*** MATERIAL PROVIDED
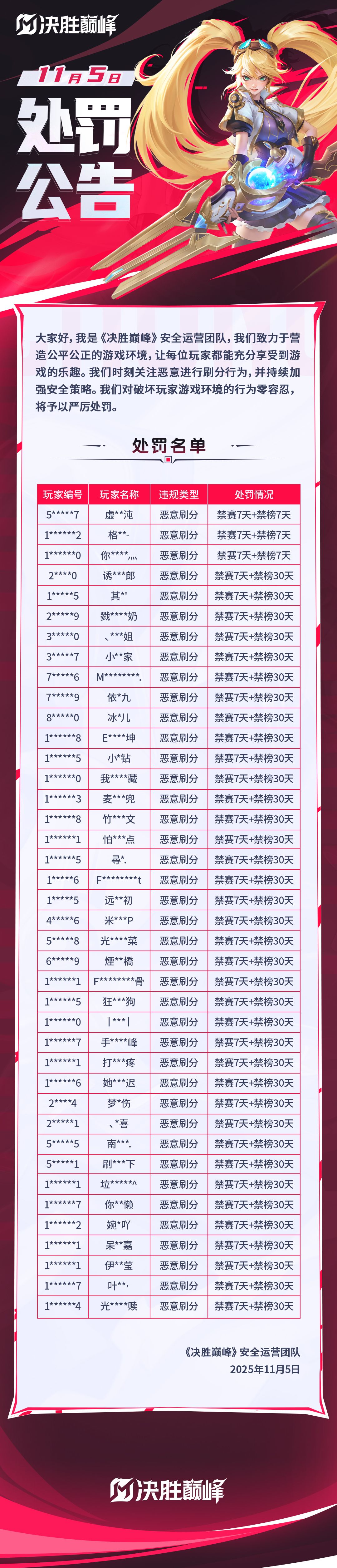 大家好,我是《决胜巅峰》安全运营团队,我们致力于营造公平公正的游戏环境,让每位玩家都能充分享受到游戏的乐趣。我们时刻关注恶意进行刷分行为,并持续加强安全策略。我们对破坏玩家游戏环境的行为零容忍,将予以严厉处罚。
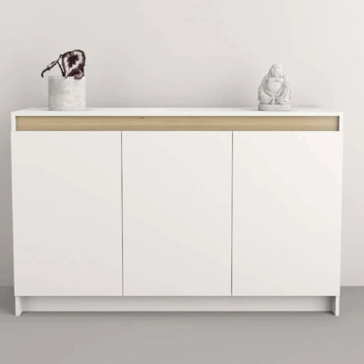 Bahiut de melamina de alta resistencia. Tres puertas con bisagras metálicas. Dos estantes. Sistema de apertura de puertas push. Sistema minifix. Color Everest y Olmo Finlandés. Medidas: Ancho: 1.35 mts. Alto: 0.85 mts. Profundidad: 0.38 mts. Producto seleccionado para venta y entrega “EN CAJA”.
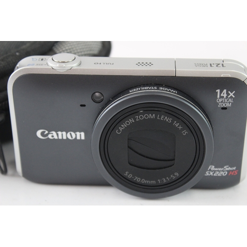 A cased Canon PowerShot SX220 HS 12.1mp BSI-CMOS sensor compact digital camera
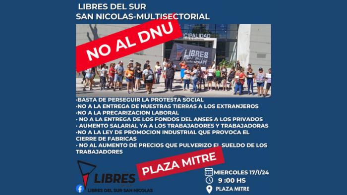 En San Nicolás, la concentración se realiza desde las 9 de la mañana en la Plaza Mitre, convocados por el movimiento Libres del Sur. Además, participan Movimiento Evita, Corriente Clasista y Combativa (CCC), Movimiento de Trabajadores Excluidos (MTE), Juventud CCC, JP Evita y Ni un Pibe y Piba menos por la Droga.
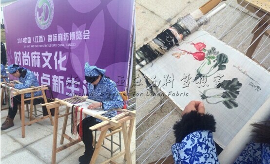 近日,2014中國(guó)(江西)國(guó)際麻紡博覽會(huì)在江西省新余市成功舉行,400多家國(guó)內(nèi)外麻紡企業(yè)齊聚一堂,交流麻紡工藝、采銷(xiāo)麻紡產(chǎn)品,讓人看到傳統(tǒng)麻紡煥發(fā)出的勃勃生機(jī)。來(lái)自贛西學(xué)院服裝設(shè)計(jì)專(zhuān)業(yè)的40名學(xué)生現(xiàn)場(chǎng)表演夏布刺繡,不少到場(chǎng)嘉賓和市民親自拿起針線上前體驗(yàn)了一把夏布刺繡的魅力。
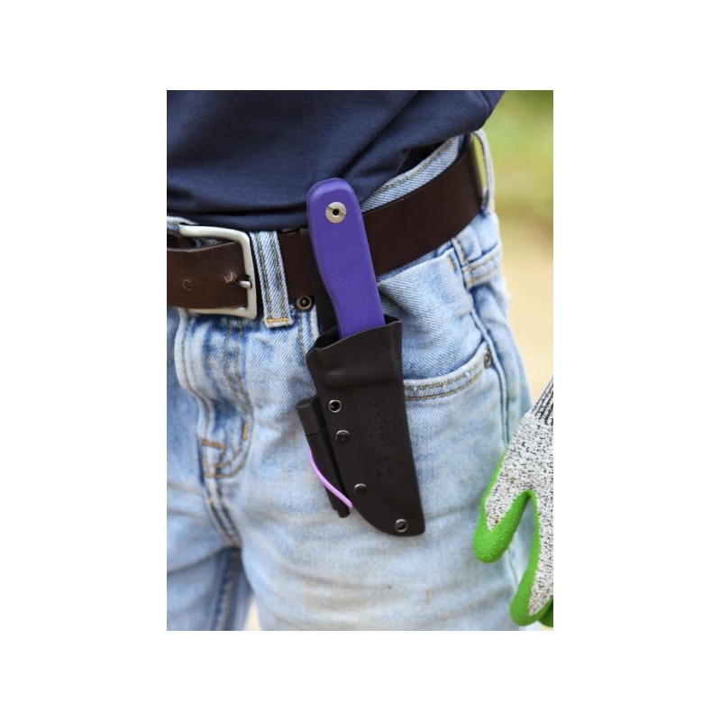 <p>Schnitzel faca DU, para crianças, roxa</p> <p></p> <p>- Material da lâmina: aço inoxidável 14C28N com acabamento anti-corrosão </p> <p>- Material de aderência: G-10 em roxo (também disponível em verde-oliva, amarelo e vermelho) </p> <p>- Comprimento total: aprox. 18,5 cm </p> <p>- Comprimento da lâmina: aprox. 8,5 cm </p> <p>- Espessura da lâmina: aprox. 3 mm </p> <p>- Comprimento do punho: aprox. 10 cm </p> <p>- Espessura do punho: aprox. 14 mm </p> <p>- Inclui bainha Kydex, suporte de aço fogo (preto) e aço fogo </p> <p>- Peso: aprox. 128 g (aprox. 176 g com caixa)</p>
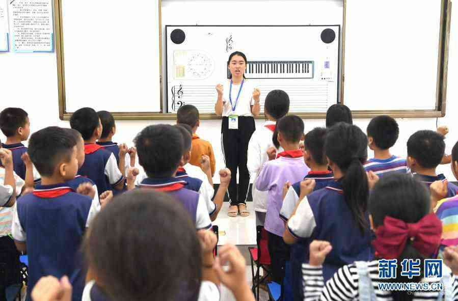 那仙老師在廣西百色市凌云縣泗城鎮(zhèn)后龍村中心小學(xué)多媒體教室教孩子們唱歌(9月8日攝)。新華社記者 周華 攝
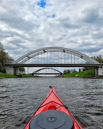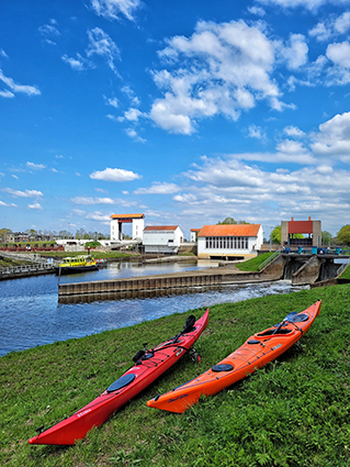 Om 07.30u afgesproken bij het botenhuis om daar onze beide kajaks op de auto van Marcel te laden. Aangezien Marcel zelf in de binnenstad woont beschikt hij over een parkeervergunning. Heel erg handig want waar daar de Berkel eindigd in de IJssel, precies voor de sluis, lieten wij onze boten in het water glijden. Het was een heerlijke zonnige ochtend dus shirts met lange mouwen én het zwemvest gaf voldoende warmte, zelfs om 08.00 uur 's ochtends. We zouden wel zien hoe ver we zouden komen deze dag, Almen, misschien nog een stukje verder?
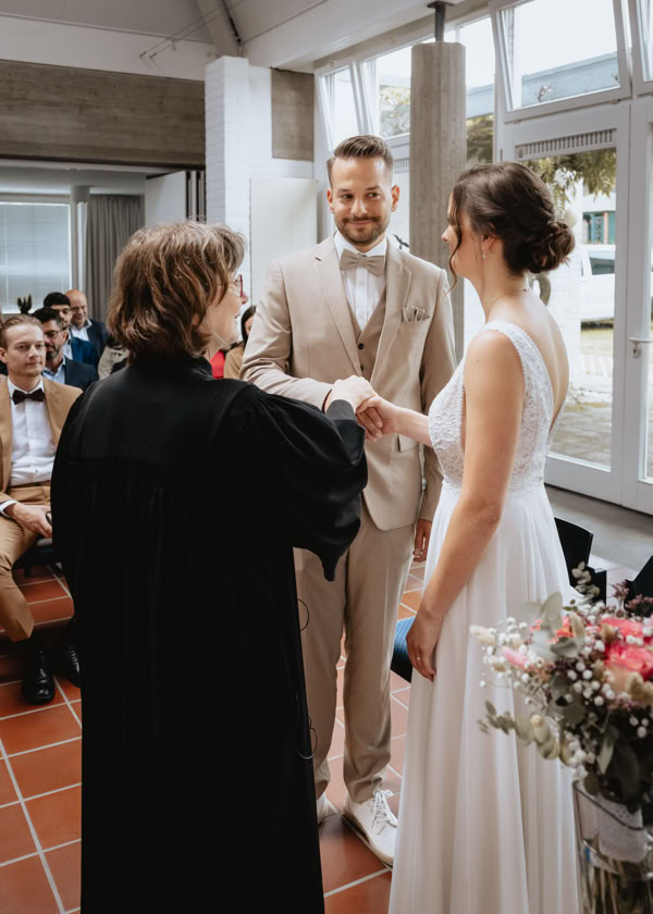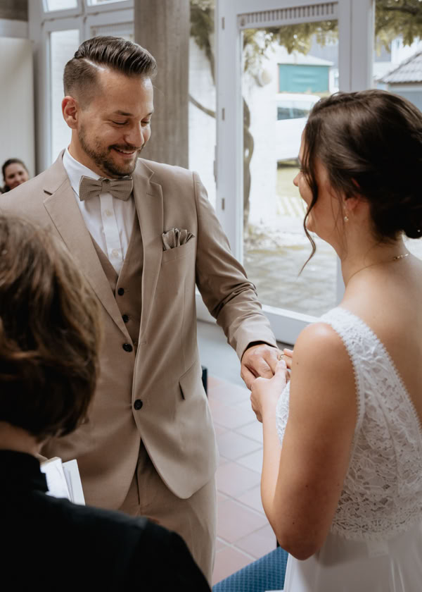 Josi sah in ihrem weißen Kleid bezaubernd aus, strahlend vor Glück und voller Vorfreude auf die gemeinsame Zukunft mit Daniel. Dieser wiederum konnte seinen Blick kaum von seiner schönen Braut abwenden, so glücklich und stolz war er, sie zur Frau nehmen zu können. Die Liebe, die zwischen den beiden spürbar war, verlieh der Zeremonie eine ganz besondere Atmosphäre.
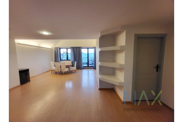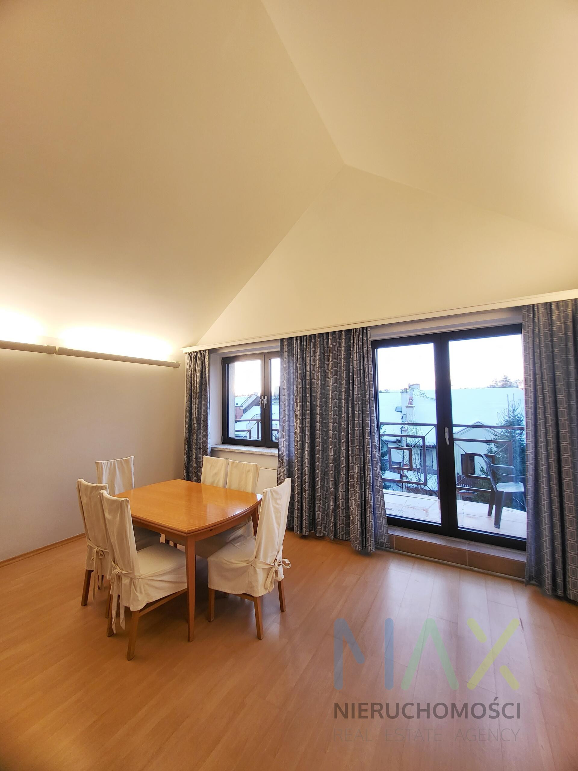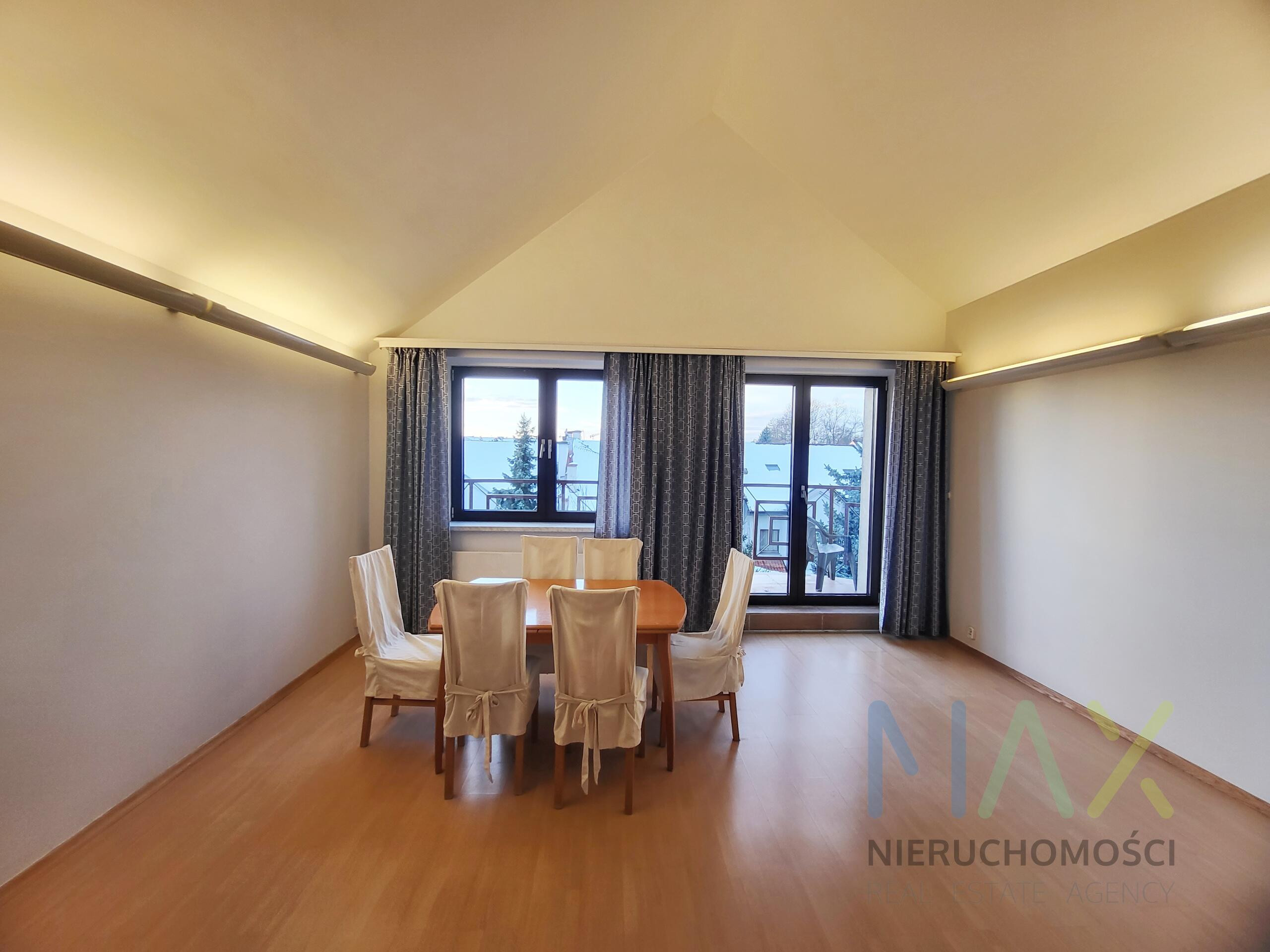 W salonie jest spory stół z 6 krzesłami oraz zbudowana na wymiar szafa w sypialni.
******
The lines above should be transcribed exactly, with every image removed.

▶ _SOLUTION TO THIS TASK_:
 大家好,我是《决胜巅峰》安全运营团队,我们致力于营造公平公正的游戏环境,让每位玩家都能充分享受到游戏的乐趣。我们时刻关注恶意进行刷分行为,并持续加强安全策略。我们对破坏玩家游戏环境的行为零容忍,将予以严厉处罚。
 Bahiut de melamina de alta resistencia. Tres puertas con bisagras metálicas. Dos estantes. Sistema de apertura de puertas push. Sistema minifix. Color Everest y Olmo Finlandés. Medidas: Ancho: 1.35 mts. Alto: 0.85 mts. Profundidad: 0.38 mts. Producto seleccionado para venta y entrega “EN CAJA”.
 A cased Canon PowerShot SX220 HS 12.1mp BSI-CMOS sensor compact digital camera
 En San Nicolás, la concentración se realiza desde las 9 de la mañana en la Plaza Mitre, convocados por el movimiento Libres del Sur. Además, participan Movimiento Evita, Corriente Clasista y Combativa (CCC), Movimiento de Trabajadores Excluidos (MTE), Juventud CCC, JP Evita y Ni un Pibe y Piba menos por la Droga.
 近日,2014中國(guó)(江西)國(guó)際麻紡博覽會(huì)在江西省新余市成功舉行,400多家國(guó)內(nèi)外麻紡企業(yè)齊聚一堂,交流麻紡工藝、采銷(xiāo)麻紡產(chǎn)品,讓人看到傳統(tǒng)麻紡煥發(fā)出的勃勃生機(jī)。來(lái)自贛西學(xué)院服裝設(shè)計(jì)專(zhuān)業(yè)的40名學(xué)生現(xiàn)場(chǎng)表演夏布刺繡,不少到場(chǎng)嘉賓和市民親自拿起針線上前體驗(yàn)了一把夏布刺繡的魅力。
 <p>Schnitzel faca DU, para crianças, roxa</p> <p></p> <p>- Material da lâmina: aço inoxidável 14C28N com acabamento anti-corrosão </p> <p>- Material de aderência: G-10 em roxo (também disponível em verde-oliva, amarelo e vermelho) </p> <p>- Comprimento total: aprox. 18,5 cm </p> <p>- Comprimento da lâmina: aprox. 8,5 cm </p> <p>- Espessura da lâmina: aprox. 3 mm </p> <p>- Comprimento do punho: aprox. 10 cm </p> <p>- Espessura do punho: aprox. 14 mm </p> <p>- Inclui bainha Kydex, suporte de aço fogo (preto) e aço fogo </p> <p>- Peso: aprox. 128 g (aprox. 176 g com caixa)</p>
 那仙老師在廣西百色市凌云縣泗城鎮(zhèn)后龍村中心小學(xué)多媒體教室教孩子們唱歌(9月8日攝)。新華社記者 周華 攝
 Om 07.30u afgesproken bij het botenhuis om daar onze beide kajaks op de auto van Marcel te laden. Aangezien Marcel zelf in de binnenstad woont beschikt hij over een parkeervergunning. Heel erg handig want waar daar de Berkel eindigd in de IJssel, precies voor de sluis, lieten wij onze boten in het water glijden. Het was een heerlijke zonnige ochtend dus shirts met lange mouwen én het zwemvest gaf voldoende warmte, zelfs om 08.00 uur 's ochtends. We zouden wel zien hoe ver we zouden komen deze dag, Almen, misschien nog een stukje verder?
 Josi sah in ihrem weißen Kleid bezaubernd aus, strahlend vor Glück und voller Vorfreude auf die gemeinsame Zukunft mit Daniel. Dieser wiederum konnte seinen Blick kaum von seiner schönen Braut abwenden, so glücklich und stolz war er, sie zur Frau nehmen zu können. Die Liebe, die zwischen den beiden spürbar war, verlieh der Zeremonie eine ganz besondere Atmosphäre.
 W salonie jest spory stół z 6 krzesłami oraz zbudowana na wymiar szafa w sypialni.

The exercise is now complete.